Accordingly, there must be consensus among all political parties and stakeholders on the rationale for such a delay. They should also recognise that this is an unwelcome precedent and must not recur. The election process must also remain free, fair, credible and transparent, and the results acceptable to all political stakeholders." HRCP noted the judicial overreach in conflict with the constitutional principle of the trichotomy of powers. "There is a need to dispel the impression that, in interpreting the Constitution, the Supreme Court enhances its own powers at the expense of other democratic institutions. The judiciary must safeguard its independence, integrity and credibility. It must resist any urge to interfere in the domain of other constitutional bodies and instead help strengthen all such institutions by giving them the room to resolve issues that fall within their constitutional remit. We also firmly believe that there is no room for threats of any undemocratic interventions." HRCP strongly condemned violent and unlawful behaviour by political elements aimed at creating disorder to further their political agendas.

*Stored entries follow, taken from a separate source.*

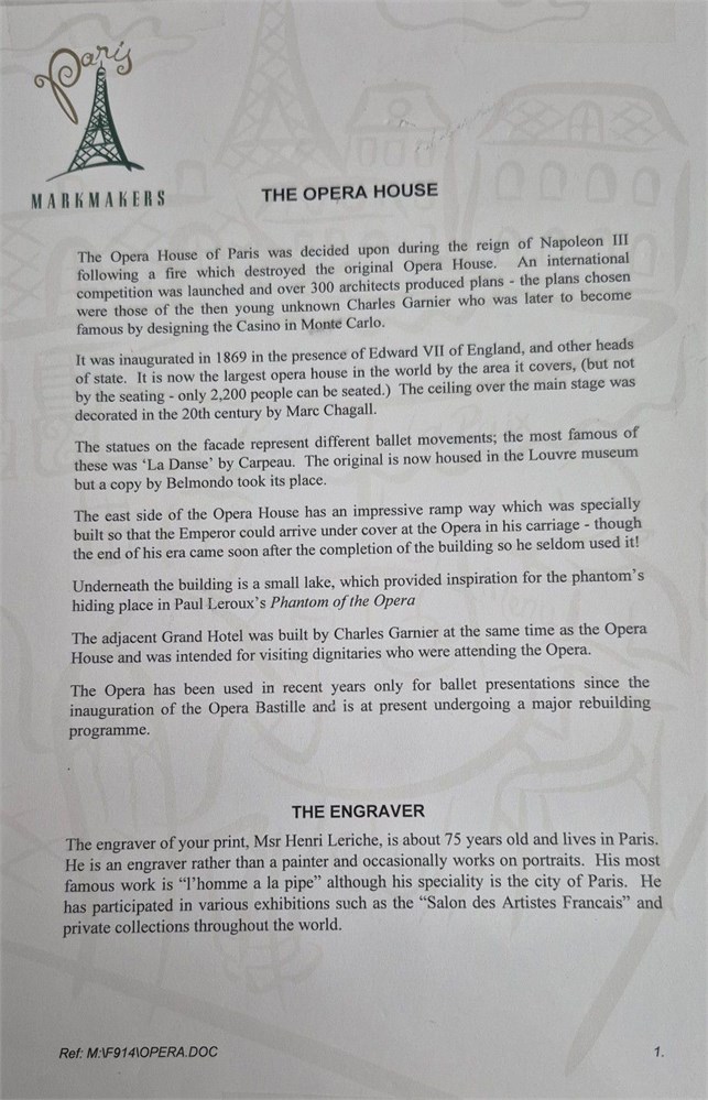 Paris Opera House ~ original engraving by Henri Leriche
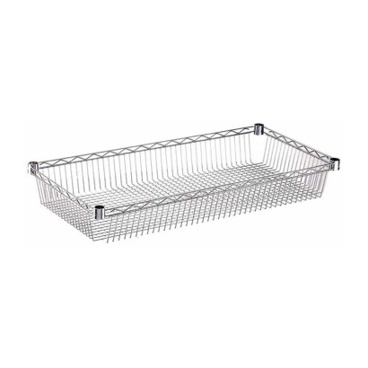 Piano, cesta contenitore in metallo cromato, adatto a molteplici esigenze, fornito di 4 guancette di fissaggio Archimede system art.ABCLIPF, per essere posizionato e regolato all’altezza desiderata in corrispondenza delle apposite scanalature presenti sui tubolari montanti ogni 2,5 cm.
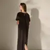 De korte raglanærmer og de fine, dekorative læg langs halsudskæringen tilfører kjolen et feminint og gennemtænkt look. En diskret slids med knaplukning i nakken samt en midterslids bagtil giver ekstra bevægelsesfrihed og et elegant finish. Farven Dark Brown er varm og tidsløs og egner sig perfekt til både hverdag, ferie og sommerens mere afslappede anledninger.

At the same time, HRCP denounced the strong-arm tactics and disproportionate use of force by the state as a means of political repression." We are deeply concerned to observe that this has involved resorting to the use of colonial laws of sedition, unwarranted charges of terrorism against political opponents, enforced disappearances, and attempts to gag freedom of expression through ill-conceived proposals and actions through PEMRA." It says that ultimately, the crux of the ongoing crisis is political and not legal. "There is no other option for the political opposition and the government but to hold serious and meaningful dialogue in Parliament to resolve this in the larger interests of Pakistan's people."